[Items from a data source]
********

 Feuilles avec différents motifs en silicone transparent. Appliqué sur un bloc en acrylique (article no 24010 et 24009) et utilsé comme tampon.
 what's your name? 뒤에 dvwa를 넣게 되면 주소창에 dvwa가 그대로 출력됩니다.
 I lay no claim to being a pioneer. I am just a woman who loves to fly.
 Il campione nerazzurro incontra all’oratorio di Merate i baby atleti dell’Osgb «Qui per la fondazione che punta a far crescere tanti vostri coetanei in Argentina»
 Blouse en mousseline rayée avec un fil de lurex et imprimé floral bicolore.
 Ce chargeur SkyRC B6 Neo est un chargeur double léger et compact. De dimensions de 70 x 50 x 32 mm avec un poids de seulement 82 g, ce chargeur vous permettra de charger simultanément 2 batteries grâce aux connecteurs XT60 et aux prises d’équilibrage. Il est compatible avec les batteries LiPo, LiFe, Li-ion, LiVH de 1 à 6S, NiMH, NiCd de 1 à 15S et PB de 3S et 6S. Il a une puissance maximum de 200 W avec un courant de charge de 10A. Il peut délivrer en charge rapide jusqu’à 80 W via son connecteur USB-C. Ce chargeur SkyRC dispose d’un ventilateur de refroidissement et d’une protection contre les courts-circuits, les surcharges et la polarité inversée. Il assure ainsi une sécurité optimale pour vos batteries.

********

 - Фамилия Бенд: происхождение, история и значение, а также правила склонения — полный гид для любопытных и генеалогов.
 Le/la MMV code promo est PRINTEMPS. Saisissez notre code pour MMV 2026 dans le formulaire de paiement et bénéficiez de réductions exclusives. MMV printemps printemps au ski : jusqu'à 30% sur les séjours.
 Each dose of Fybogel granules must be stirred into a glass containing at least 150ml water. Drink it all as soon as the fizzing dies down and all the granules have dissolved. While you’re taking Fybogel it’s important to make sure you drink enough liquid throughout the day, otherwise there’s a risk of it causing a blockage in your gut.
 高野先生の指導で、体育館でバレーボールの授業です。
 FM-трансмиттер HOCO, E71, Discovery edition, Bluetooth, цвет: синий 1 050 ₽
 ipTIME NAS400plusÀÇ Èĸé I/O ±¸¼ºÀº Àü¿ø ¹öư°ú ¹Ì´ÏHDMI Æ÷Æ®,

********

Give only the lines from the one holding "Le/la MMV code" through the one holding "ipTIME NAS400plusÀÇ Èĸé", each restated exactly as it appears above.

 Le/la MMV code promo est PRINTEMPS. Saisissez notre code pour MMV 2026 dans le formulaire de paiement et bénéficiez de réductions exclusives. MMV printemps printemps au ski : jusqu'à 30% sur les séjours.
 Each dose of Fybogel granules must be stirred into a glass containing at least 150ml water. Drink it all as soon as the fizzing dies down and all the granules have dissolved. While you’re taking Fybogel it’s important to make sure you drink enough liquid throughout the day, otherwise there’s a risk of it causing a blockage in your gut.
 高野先生の指導で、体育館でバレーボールの授業です。
 FM-трансмиттер HOCO, E71, Discovery edition, Bluetooth, цвет: синий 1 050 ₽
 ipTIME NAS400plusÀÇ Èĸé I/O ±¸¼ºÀº Àü¿ø ¹öư°ú ¹Ì´ÏHDMI Æ÷Æ®,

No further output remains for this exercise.